### Your goal
For this listing, the lines between the one holding "Fedele al DNA" and the one holding "Полупрозрачный грунт даёт", inclusive, must be set down exactly.

━━━━━ Records provided

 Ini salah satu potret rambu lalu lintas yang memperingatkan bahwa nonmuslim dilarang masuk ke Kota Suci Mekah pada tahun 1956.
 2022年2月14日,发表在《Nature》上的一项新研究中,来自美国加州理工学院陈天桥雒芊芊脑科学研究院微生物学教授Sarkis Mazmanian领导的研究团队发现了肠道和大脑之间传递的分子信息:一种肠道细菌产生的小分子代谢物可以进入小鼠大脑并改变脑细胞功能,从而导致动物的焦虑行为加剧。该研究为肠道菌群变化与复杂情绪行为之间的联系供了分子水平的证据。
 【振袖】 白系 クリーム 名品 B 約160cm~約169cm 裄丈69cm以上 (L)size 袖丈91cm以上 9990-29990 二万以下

━━━━━━━━━━
━━━━━ Records provided

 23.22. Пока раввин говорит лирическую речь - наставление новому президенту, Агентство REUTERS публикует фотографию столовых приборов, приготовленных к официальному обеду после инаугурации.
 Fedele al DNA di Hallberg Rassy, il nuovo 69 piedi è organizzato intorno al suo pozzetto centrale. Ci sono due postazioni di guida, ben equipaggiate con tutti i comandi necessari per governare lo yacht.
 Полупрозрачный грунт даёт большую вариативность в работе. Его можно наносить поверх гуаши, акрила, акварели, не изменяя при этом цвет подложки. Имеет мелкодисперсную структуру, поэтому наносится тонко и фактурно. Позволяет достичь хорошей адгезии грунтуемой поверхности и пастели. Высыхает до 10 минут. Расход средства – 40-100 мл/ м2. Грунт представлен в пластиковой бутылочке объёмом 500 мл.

━━━━━━━━━━

### Reply
 Fedele al DNA di Hallberg Rassy, il nuovo 69 piedi è organizzato intorno al suo pozzetto centrale. Ci sono due postazioni di guida, ben equipaggiate con tutti i comandi necessari per governare lo yacht.
 Полупрозрачный грунт даёт большую вариативность в работе. Его можно наносить поверх гуаши, акрила, акварели, не изменяя при этом цвет подложки. Имеет мелкодисперсную структуру, поэтому наносится тонко и фактурно. Позволяет достичь хорошей адгезии грунтуемой поверхности и пастели. Высыхает до 10 минут. Расход средства – 40-100 мл/ м2. Грунт представлен в пластиковой бутылочке объёмом 500 мл.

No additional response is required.